By designing the radius chine hull completely in the computer using specially developed Yacht Design Software, it is possible to have a totally fair round bilge steel or aluminium hull. The hull is designed as a one and one third hull form, the computer then strikes a new center line so the radius of the chine and the curve where stem and bottom join equals the pre- determined chine radius. The purpose of this article is to "walk you through" the process of building a radius chine hull.

Assuming you have selected a suitable design, you will have received your plans and full size patterns and your first job will be to carefully study the plans. An hour of study can save several hours of un-fruitful labour. Keep your full size patterns rolled up in their sealed tube until you are actually ready to start building. Choose a dry day to lay out your patterns on a level plywood or steel floor area which is slightly larger than the total height and width of your hull.
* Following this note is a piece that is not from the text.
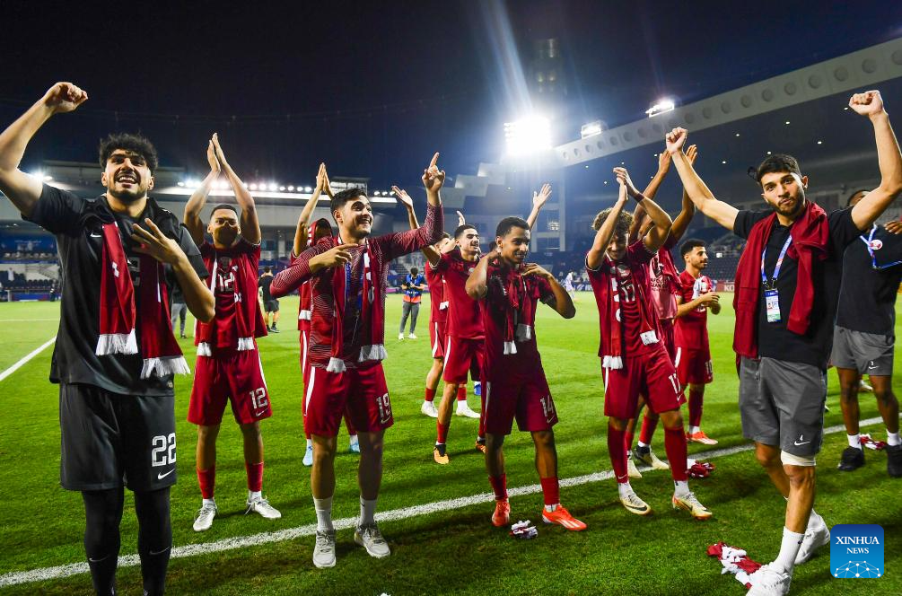 Members of team Qatar celebrate after the Group A match between Qatar and Australia at AFC U23 Asian Cup Qatar 2024 football tournament in Doha, Qatar, April 21, 2024. (Photo by Nikku/Xinhua)

Transfer your patterns on to the steel or plywood using one of the several methods such as Centre punching several points and fairing in the curves with a batten or using a dress-makers’ wheel to transfer the lines on to a temporary plywood floor. The steel area can be future be easily fitted and cut from flat or T bar. The curved constant radius sections, usually between 27" to 36" radius, can either be bent in-house or sent to your local blacksmith or equivalent.
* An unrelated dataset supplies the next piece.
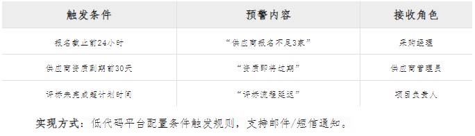 IF 投標(biāo)截止時(shí)間 < NOW() AND 投標(biāo)數(shù) < 3 THEN 發(fā)送預(yù)警

A word on bending flat or T bar on edge. It is possible to get very accurate results by setting up a hydraulic jack in a framework. This simple device will take care of bending all of the deck beams, stem, and other similar items, so it is well worth your efforts to put this device together at this time.

Normally your patterns will show one half of the hull so you simply make two sections over the pattern and open the frame out like a giant clam shell, then check measure for correct width and proceed with the final frame assembly. Many designs call for steel plate web floors, so the bottom of the frame and the web floor can be cut from one piece of plate, with the regular framing extending up to complete the frame.
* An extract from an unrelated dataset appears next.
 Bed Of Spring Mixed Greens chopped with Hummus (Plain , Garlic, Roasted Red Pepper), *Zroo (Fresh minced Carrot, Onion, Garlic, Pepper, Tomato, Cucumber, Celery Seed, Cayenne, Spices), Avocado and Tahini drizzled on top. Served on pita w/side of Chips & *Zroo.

As the frames are usually intended to be inverted on a strong-back, it is usual to fit a head-stock at a pre-determined location thus providing a constant point for setting up the frames. It is recommended that hulls of up to 65' (20m) be built inverted and extremely beamy or very large hulls are best built upright. Additional bracing by way of 2" x 2" angle is necessary to keep the frames rigid enough to be properly set up on the strong-back. At some point notches will need to be cut in the frames to accept the stringers. You may find the easiest and most accurate way is to set up the frames on the strong-back and mark the stringer positions on all frames, using a fairing batten to ensure a fair set of stringers. Now remove the frames and cut the stringer notches using a cutting torch or disc. Now give the frame a final check against the patterns before re- installing on the strong-back.

The stem is pre- bent on edge and installed in position. Once the stem and all frames are set up and checked for position and squareness off the centerline, etc, the next job is to install the stringers. Allow the stringers to run a few inches past the expected transom position; they will be trimmed later. Never on any metal hull fully weld the stringers into the slots, simply tack the stringers into position. This will allow you to relieve the stringers and allow them to take a fair shape when installing the plating.